DIREITO PENAL — AgRg no AREsp 3162723
Análise documental baseada na ementa oficial do Superior Tribunal de Justiça, organizada para consulta e compreensão do precedente.
Comentário editorial
Nesta leitura prática, a decisão é organizada para mostrar o que o STJ efetivamente registrou e quais dados devem ser conferidos antes de transportar o entendimento para uma situação cotidiana. O recorte processual é AgRg no AREsp, julgado por QUINTA TURMA, sob relatoria de MARIA MARLUCE CALDAS.
Para o cidadão, o ponto essencial é não tratar a ementa como uma regra automática: fatos, pedidos, fase processual e legislação aplicável precisam ser comparados com o caso concreto. Quando o julgamento repercutir em mobilidade, veículos, sanções ou direitos do condutor, essa conexão deve estar expressa no próprio texto oficial.
Pontos centrais da ementa
- DESLOCAMENTO DE FUNDAMENTAÇÃO ENTRE VETORIAIS.
- Agravo regimental contra decisão que conheceu do agravo em recurso especial e negou provimento ao recurso especial, por estar o acórdão recorrido alinhado à jurisprudência desta Corte, com incidência da Súmula 568/STJ.
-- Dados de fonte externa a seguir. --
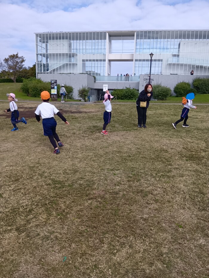 心地よい気候の下、普段あまり関わる時間の限られているひよこ組やりす組、うさぎ組の先生とも一緒に広い広場で氷鬼をしたよ~!!
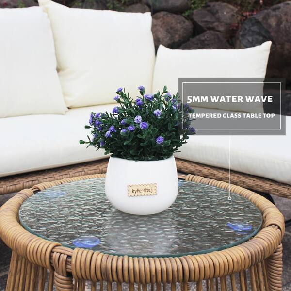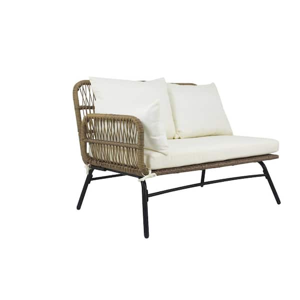 3-Piece Brown Wicker Outdoor Sectional Conversation Sofa Set with Beige Cushions and Pillows
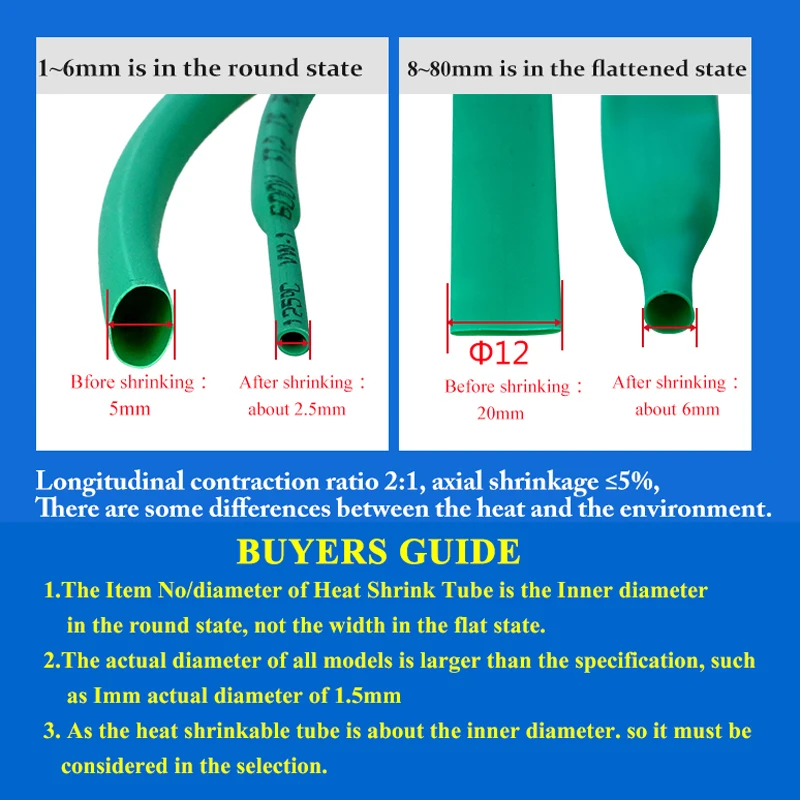 10 mètres/lot noir 1/2/3/4/5/6/8/10/10/12/14/16/18/20mm kit de tubes d’emballage thermorétractables tube d’isolation tube thermorésistant
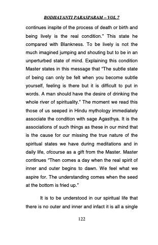 continues inspite of the process of death or birth and being lively is the real condition.” This state he compared with Blankness. To be lively is not the much imagined jumping and shouting but to be in an unperturbed state of mind. Explaining this condition Master states in this message that “The subtle state of being can only be felt when you become subtle yourself, feeling is there but it is difficult to put in words. A man should have the desire of drinking the whole river of spirituality.” The moment we read this those of us seeped in Hindu mythology immediately associate the condition with sage Agasthya. It is the associations of such things as these in our mind that is the cause for our missing the true nature of the spiritual states we have during meditations and in daily life, ofcourse as a gift from the Master. Master continues “Then comes a day when the real spirit of inner and outer begins to dawn. We feel what we aspire for. The understanding comes when the seed at the bottom is fried up.”
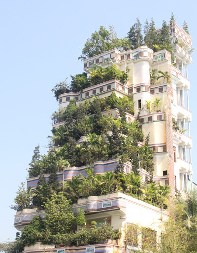 Đó là ông Hai Tài, 66 tuổi, ở huyện Cai Lậy, tỉnh Tiền Giang. Ngôi nhà 7 tầng của ông được thiết kế xây dựng theo kiểu hình tháp, dáng thác đổ, nằm bên dòng sông Bà Tồn. Mỗi tầng trong nhà điều dành vị trí khá lớn để trồng cây xanh, bố trí rất đẹp mắt. Từ xa nhìn vào ngôi nhà chẳng khác nào một vườn treo.
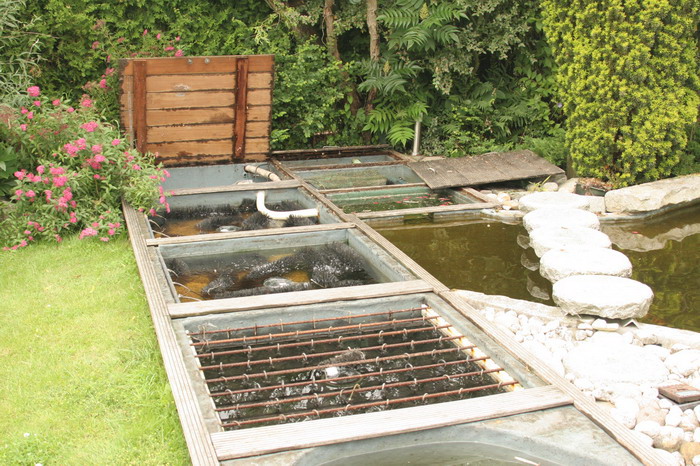 Un bassin à koï de 30 tonnes réalisé en polyester avec un superbe filtre fait maison également et de très grand capacité, mais vous entendrez Jean Marc commenter sont installation dans la vidéo disponible en fin de page, donc pas besoin de grandes explications, tout est dans la vidéo
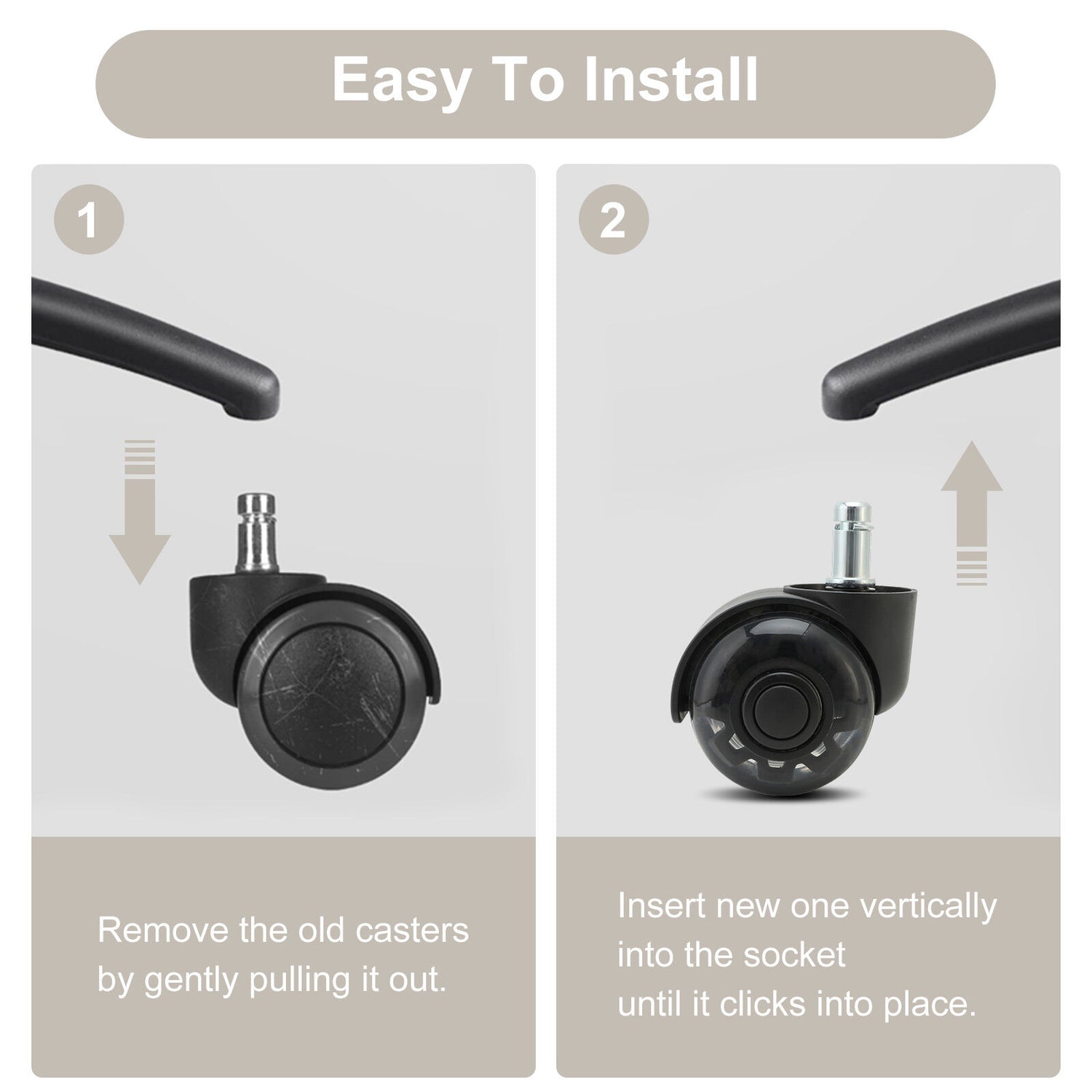 Installing these casters is quick and simple. Just insert them into the existing leg socket of your office chair or compatible furniture. The design makes them versatile, fitting most office and gaming chairs.
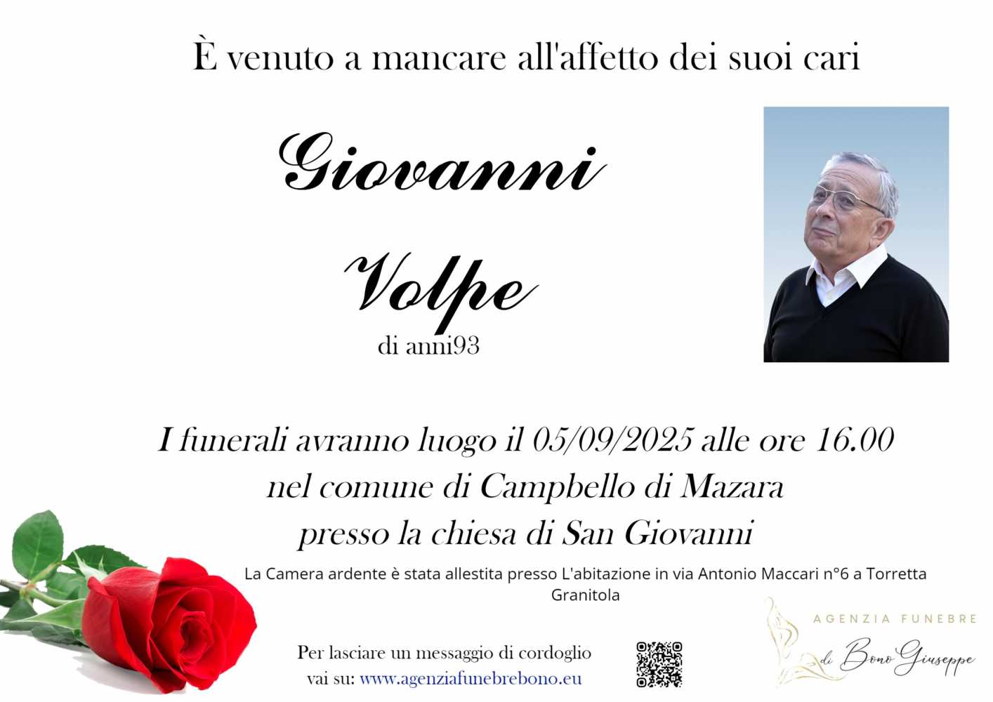 Lascia gratuitamente un messaggio di cordoglio, sarà nostra cura consegnarlo ai congiunti di Giovanni Volpe.
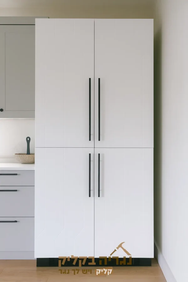 ארון אינטגרלי מעוצב למקרר, בגוון לבן חלק עם ידיות שחורות ארוכות למראה אלגנטי ומדויק. הארון משתלב בצורה מושלמת במטבח ומעניק קו אחיד ויוקרתי.ציפוי פורמייקה עמידה, עם נגרות מוקפדת המותאמת אישית לכל סוג מקרר. שילוב מושלם של פונקציונליות ואסתטיקה.
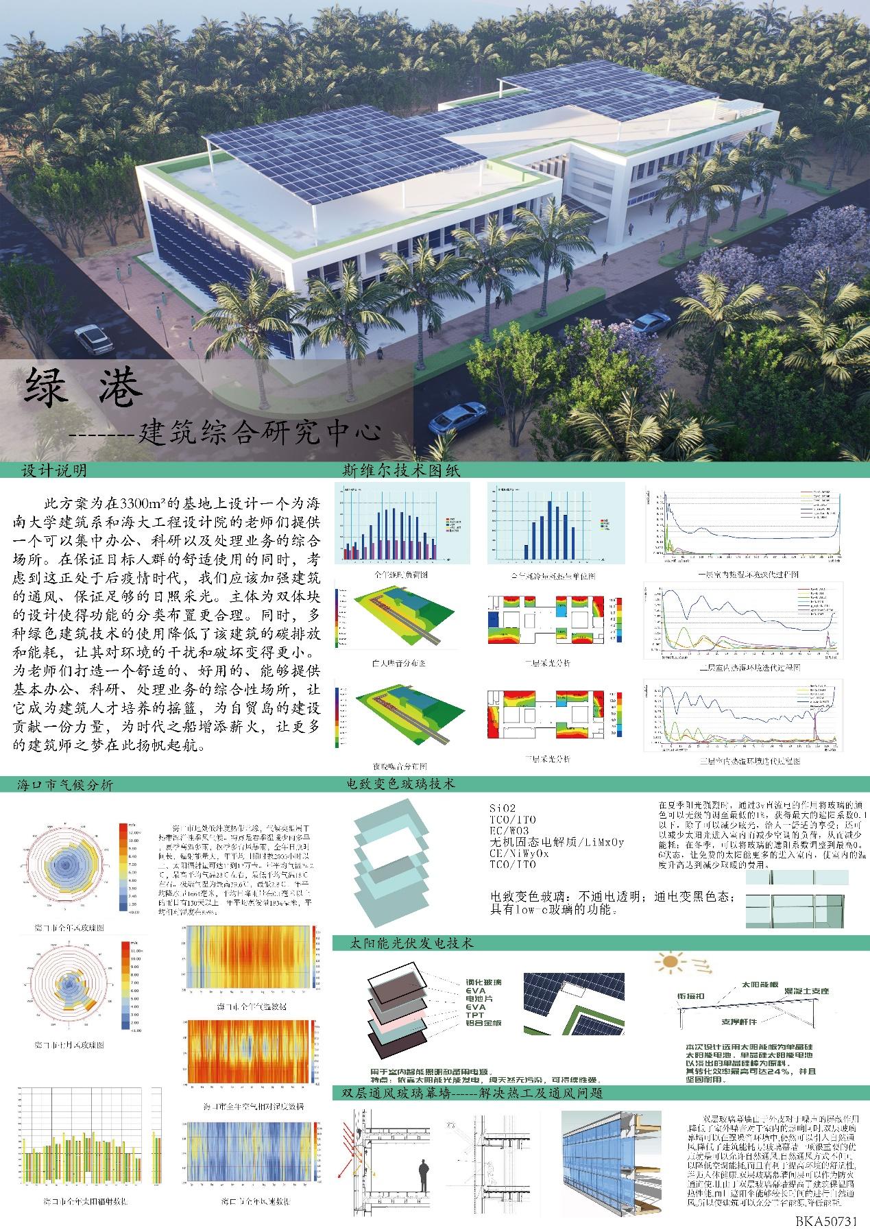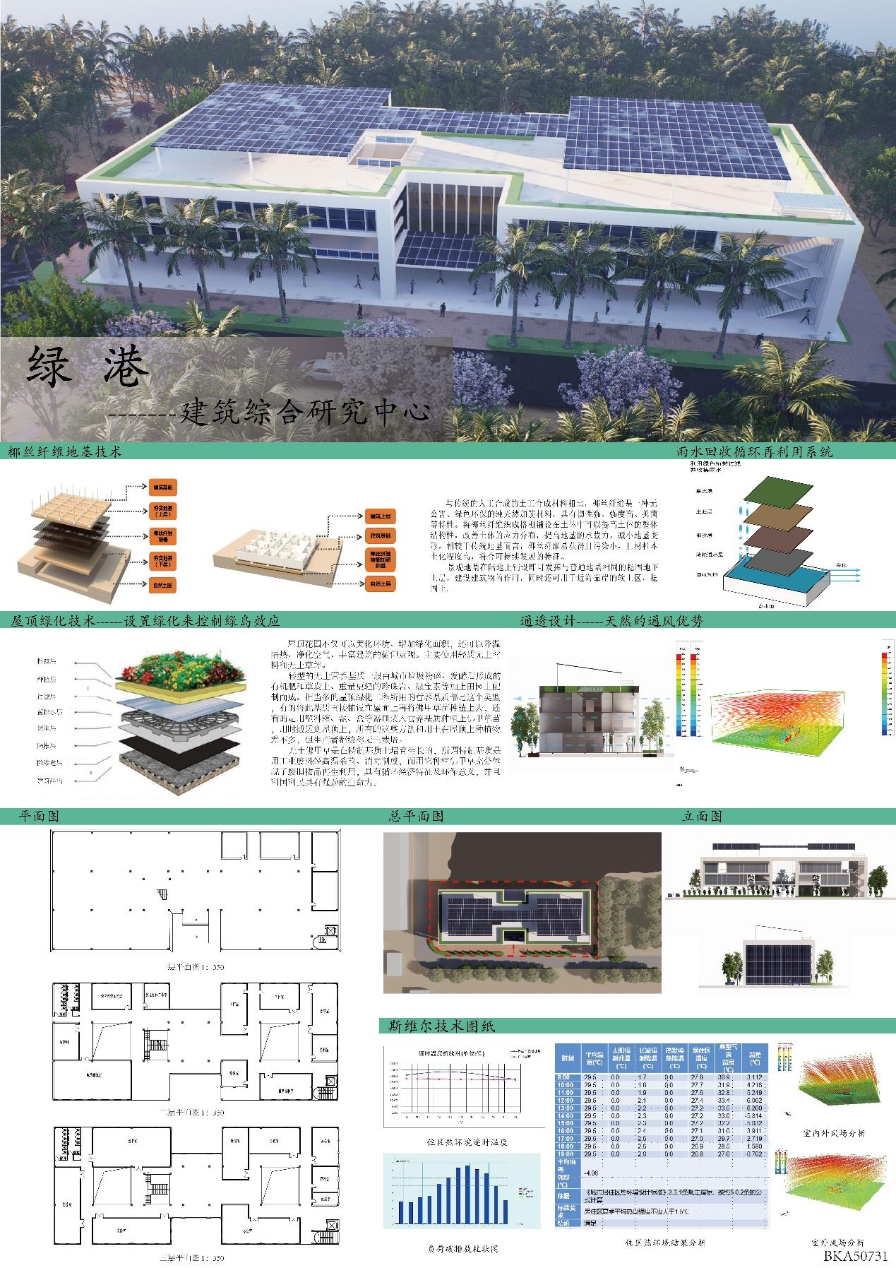 三等奖作品绿港——建筑综合研究中心,此方案是在3300㎡的基地上拟建一个可以为sjb世俱杯官方网站建筑系和海大工程设计院的老师们提供集中办公、科研以及处理业务的综合场所。在保证目标人群的舒适使用的同时,考虑到这正处于后疫情时代,应该加强建筑的通风、保证足够的日照采光。主体为双体块的设计使得功能的分类布置更合理。同时,多种绿色建筑技术的使用降低了该建筑的碳排放和能耗,让其对环境的干扰和破坏变得更小。为老师们打造一个舒适的、好用的、能够提供基本办公、科研、处理业务的综合性场所,让它成为建筑人才培养的摇篮,为自贸岛的建设贡献一份力量,为时代之船增添薪火,让更多的建筑师之梦在此扬帆起航。

- A agravante sustenta a inidoneidade da valoração negativa da personalidade com base em condutas pós-delito (manutenção de rotina, visita a amiga, pernoite sem alterações e informações imprecisas a familiares), alegando que tais comportamentos decorrem de choque emocional, primariedade e vulnerabilidade, e que a negativação demandaria laudo técnico.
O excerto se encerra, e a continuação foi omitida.